さらに、「俺、この記事書いちゃおうかな」とかも言ってる。で、私もセコいので「記事がアップされたらきっと売り切れるから、その前に買っておこう」とか密かに思って、URLを踏んでページを進めると……そこに書かれている日本語がかなり怪しいんですよ。「あれれ?」みたいな。それでクレジットカードの情報を入れる直前に「これは罠だ!」と気付いて、みんなに対して偉そうに「おい、待て!これは罠だ!見抜けバカヤロウ!」って呼びかけて(笑)。どんな時でも、クレジットカートの情報を入れる前に、一度冷静になることが大事ですよね。
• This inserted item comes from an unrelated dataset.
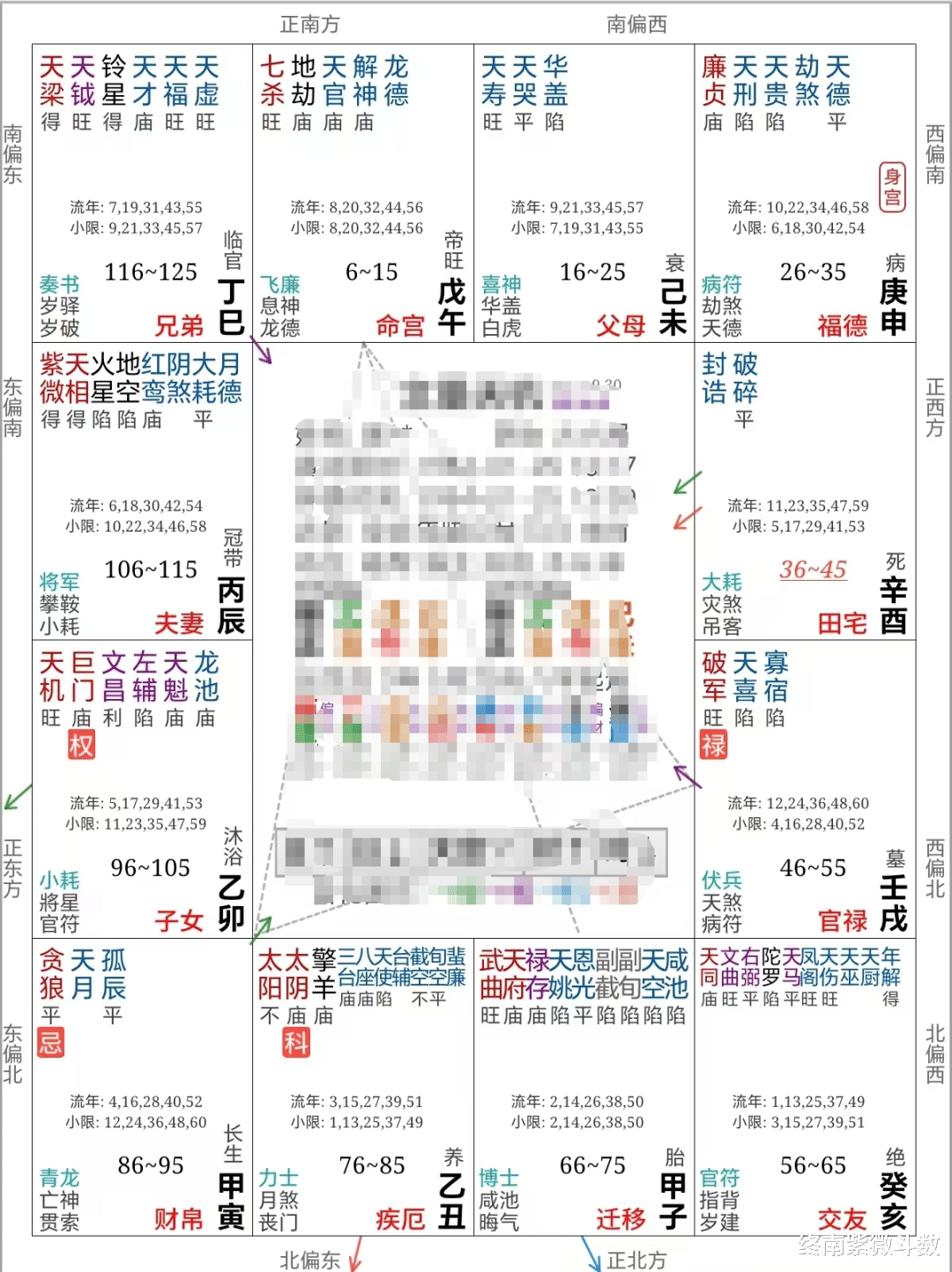 回到案例107这张命盘,其生年忌在财帛宫,一定不要解读成这辈子没有财,那是大错特错的。正确的解释应该是,这辈子有财,但不会很多,且赚钱辛苦。

――LINE乗っ取りや迷惑メールの誘導手段は巧妙化してきているのでしょうか。GO羽鳥:迷惑メールに関して言えば、引っかけるテクニックは停滞気味かなと思いますね。私にとっては、ですが(笑)。でも、それでも騙されてしまう方々は大勢いますし、この本を通してそのパターンを知ってほしいなと思います。
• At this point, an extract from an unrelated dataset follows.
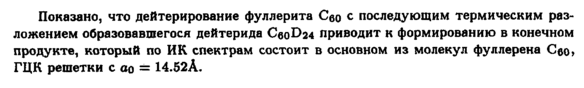 Показано, что дейтерирование фуллерита Ceo с последующим термическим разложением образовавшегося дейтерида CeoD24 приводит к формированию в конечном продукте, который по ИК спектрам состоит в основном из молекул фуллерена Сео> ГЦК решетки с ао = 14.52А.

――「おわりに」で「“中の人”が直タイピングしたりで姿が見えてきたとしても、その相手に戦いのセンスがなければ絶対にスイングしない」と書かれていらっしゃいますが、この「戦いのセンス」とはどういうものですか?GO羽鳥:まず、「スイング」というのはプロレス用語で、戦う選手同士の心と心が見事に噛み合って、相乗効果的に名勝負になっていくこと……のことを言います。例えば、LINE乗っ取りなんかは最高にスイングしましたが、向こうがこっちを信じようとしている姿勢が見えるじゃないすか。迷惑メールでも、私の似顔絵を描いてもらうために写真付きのメールを送り続けたら、「なぜ私が似顔絵を描くんですか? 一体何の為に?」という返信がきたり。これって、相手も本気ですよね。私も諦めていないし、向こうも諦めていない。信じあってる。しかもガチ。高まる感じがします。お互いのギアが噛み合って、名勝負になる可能性を秘めている。真剣VS真剣でないと、絶対にスイングしないのです。
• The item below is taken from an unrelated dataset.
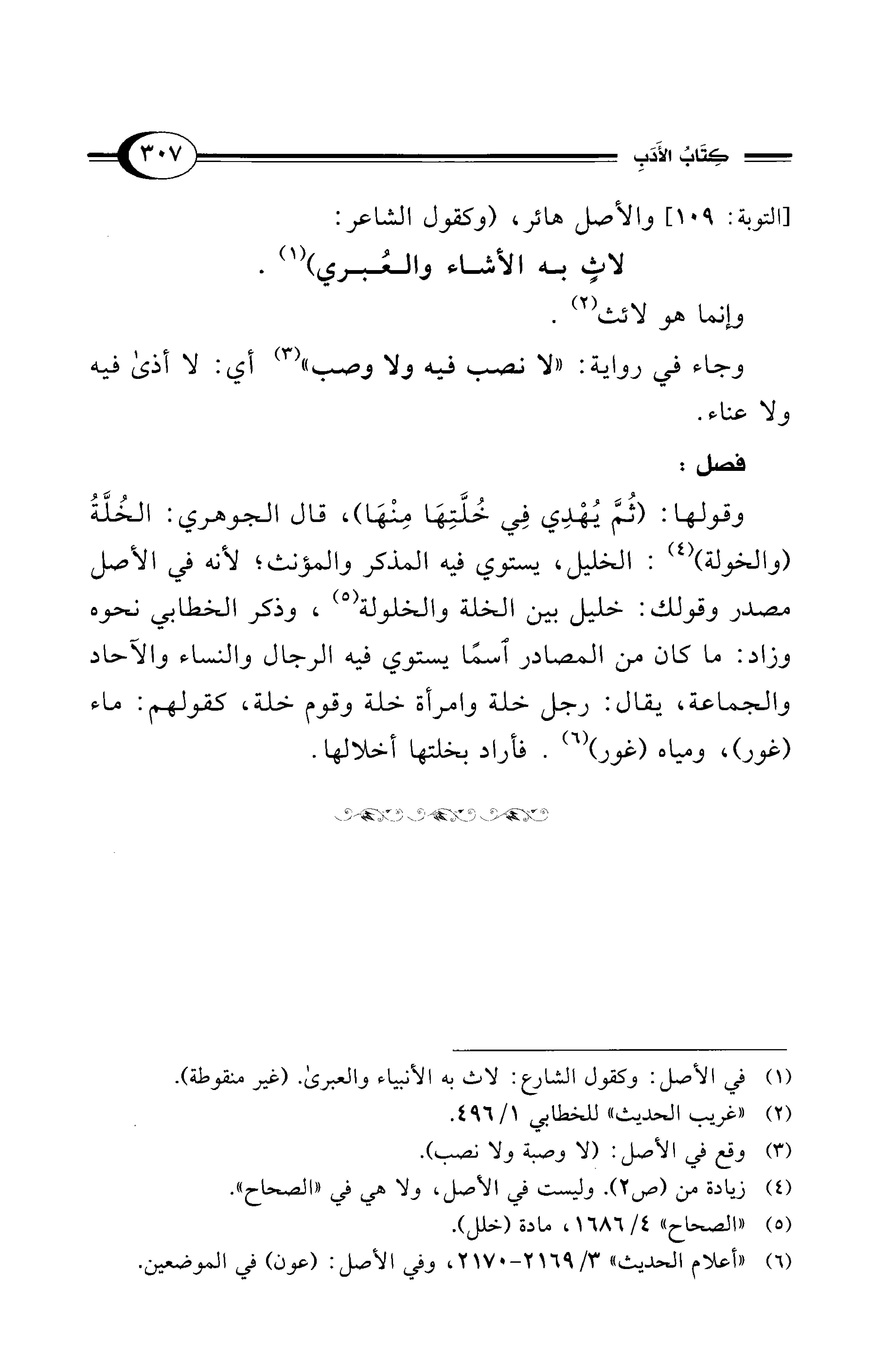 (¬5) "الصحاح" 4/ 1686، مادة (خلل).

―― 一体感が生まれていますよね。作品を創り上げているような。GO羽鳥:そうそう、まさにそんな感じです。ダメなパターンは、向こうが早々にキレてしまうものです。これはセンスがない。つまらないんですよ。試合放棄もいいとこです。人間味が出てこないと面白くならないので、挑発し続けるのですが、やっぱりダメなものはダメですね。